With a near-half-hour to kill he could not stand the silence and confinement of his office and had come to grab a cup of coffee. The cafeteria was crowded and Illya moved to the side of the room to scan for tables. It seemed incongruous that these people -- most of whom he knew though did not associate with necessarily -- milled around in their everyday routine. Did they really appreciate their lives? He did. How many were ecstatic, grateful, to be alive? How many knew he had died on Thursday last? How many could cherish life as he could this fine Monday afternoon? It was an old cliche' that you didn't appreciate something until it was gone. Never did he revel in life as he did now when he had been temporarily robbed of it.

Very little memory existed of his return to life. Full consciousness returned, as usual, in a hospital.

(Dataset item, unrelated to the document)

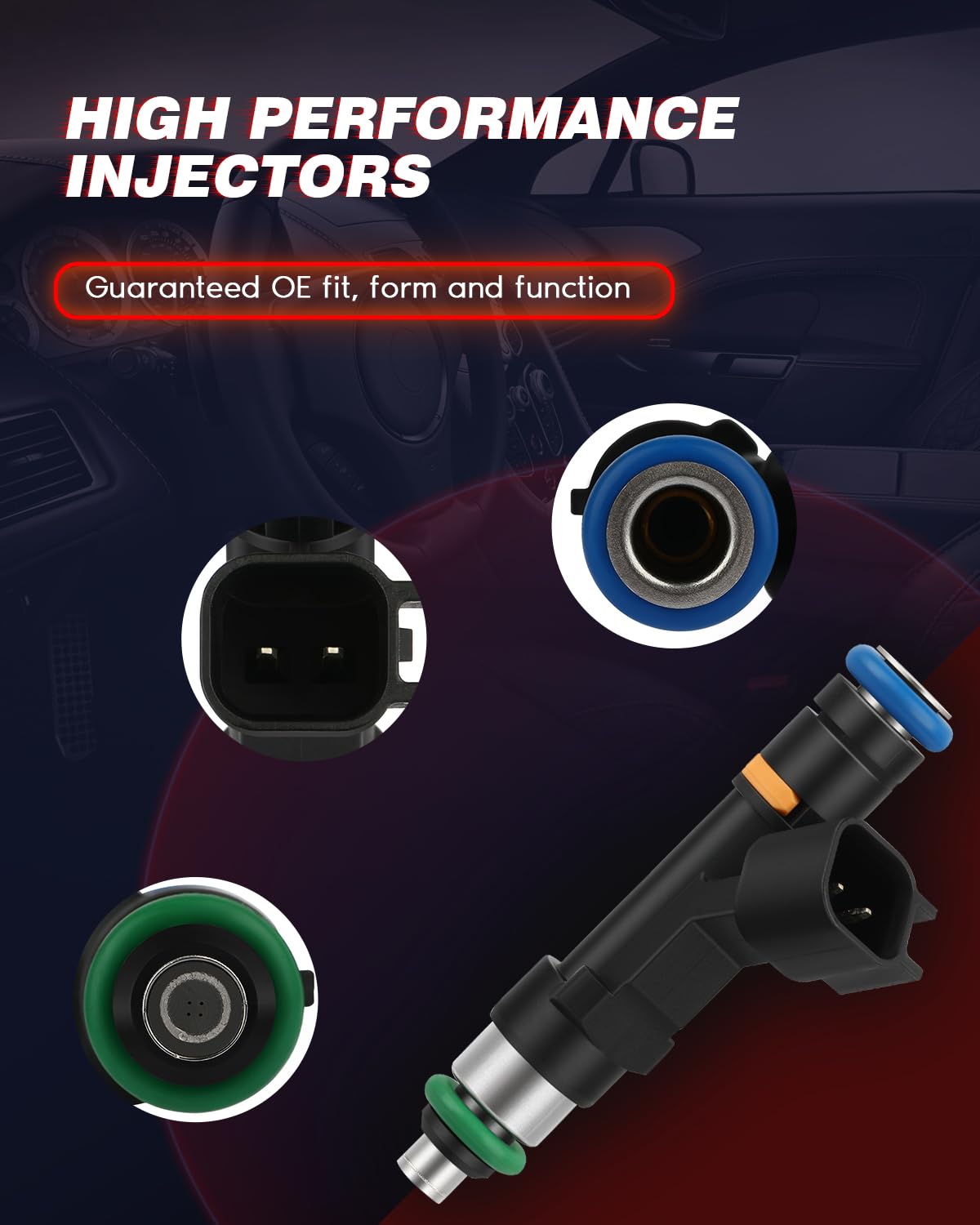 4. FÁCIL INSTALACIÓN – Inyectores de combustible y O-rings pre-preparados, reemplazo directo de las piezas originales de su vehículo para una instalación más sencilla.

Not usual, the room had been empty, acutely absent of his partner. Usually when one of them was doing the all too frequent sick-time, the other hovered around.

Slightly irritated, Illya had called (his voice incredibly hoarse) on the communicator and found his partner on the way to Las Vegas. Unfortunately, Solo was left to clean up the mess they had started by cracking down on a small THRUSH operation in Oceanside. Then Solo had moved on to San Diego, then Las Vegas to finish the operation. From there Solo was to report to New York. Regretfully (and that was clear in his tone), he would not be able to entertain Illya in the hospital.

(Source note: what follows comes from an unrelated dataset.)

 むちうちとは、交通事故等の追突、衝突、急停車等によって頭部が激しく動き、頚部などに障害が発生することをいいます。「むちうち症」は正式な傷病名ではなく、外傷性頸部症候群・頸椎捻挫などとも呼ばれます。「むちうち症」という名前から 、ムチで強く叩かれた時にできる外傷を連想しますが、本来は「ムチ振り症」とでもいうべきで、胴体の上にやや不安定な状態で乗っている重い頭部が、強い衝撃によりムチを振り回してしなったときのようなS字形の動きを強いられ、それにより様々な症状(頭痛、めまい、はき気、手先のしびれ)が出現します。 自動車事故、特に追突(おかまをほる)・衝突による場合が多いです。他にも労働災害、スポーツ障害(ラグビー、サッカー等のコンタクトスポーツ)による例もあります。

As usual, Illya pressed to be released as soon as possible. A young doctor ordered a three-day stay, insisting on extended observation. He had never had a patient who had been revived from death. Shocked, it was then Kuryakin learned of the dramatic rescue on the beach and Solo's literal life-saving skill. And he suspected Napoleon's long-distance interference when Kuryakin was released a day early to return to New York.

Over the few days Illya strained to recall details. Slowly the images and impressions returned, and with them a profound sense of gratitude and emotion for the friend who had literally dragged him back to life.

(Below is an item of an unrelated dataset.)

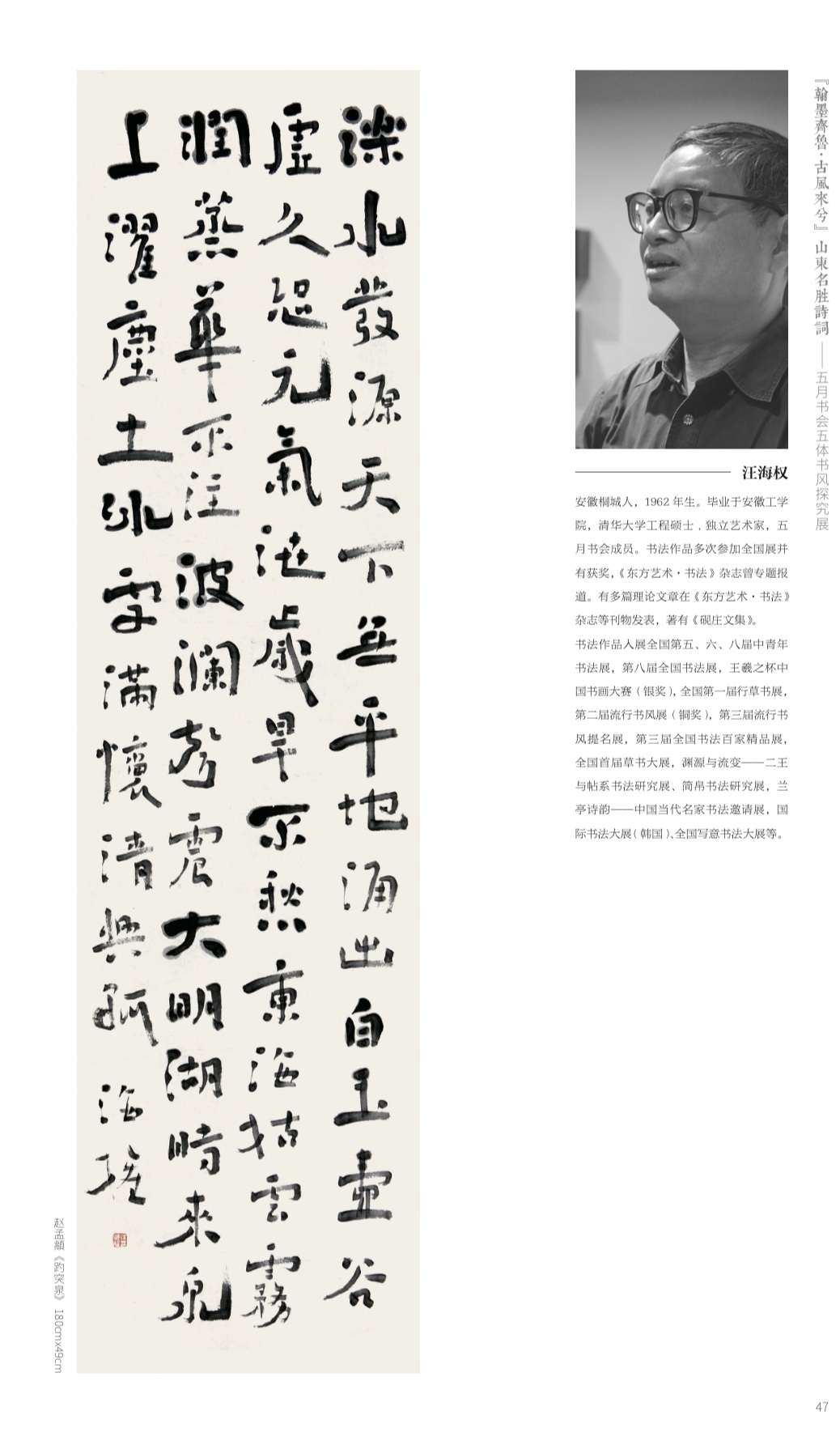 “五月书会”是始于枣庄的一个沙龙组织,其创始成员均为枣庄人。因枣庄石榴盛名于外,便择石榴的花期“五月”为名。后引入汪海权、魏全钦、老五三位艺术家,如今计有16人。迄今20年来,他们以书法为媒,彼此分享、互相影响,虽非正式社团组织,但艺术之名已然扬于业内。

"Oh, don't get me wrong, I love dating Napoleon, but he's off my list from now on."

The name of his friend startled him back to the present and Illya realized the speaker was sitting just around the corner from him. Leaning over, slightly, he could see a group of five female agents lunching at a table. Women UNCLE agents discussing Solo was as common as a cold, he mused. With no desire to eavesdrop he pushed off the wall and started to leave.

"After what happened with his partner it reaffirmed my theory to stop dating Section Two agents. They're too unstable."

Arrested that the conversation now included him, Kuryakin hesitated. Well, he WAS a spy and naturally curious . . . .

"They're all crazy," another woman insisted.

Illya smiled with satisfaction that his department, the field agents, gave that impression.

"Too focused on their spy games," someone else insisted.

The original woman came back sharply with, "And too focused on their partners. Napoleon owed me for getting his partner's medical clearance for duty. So I had him take me out last night."

Several muttered comments of envy and kidding fluttered around the group. Kuryakin rolled his eyes. If they started a detailed assessment of his partner's love life he was absolutely leaving.

"We're having an after dinner drink at my place and he suddenly loses it! He smashed a bottle into the wall and started crying! Here he is bleeding all over my carpet and weeping and muttering about his partner!"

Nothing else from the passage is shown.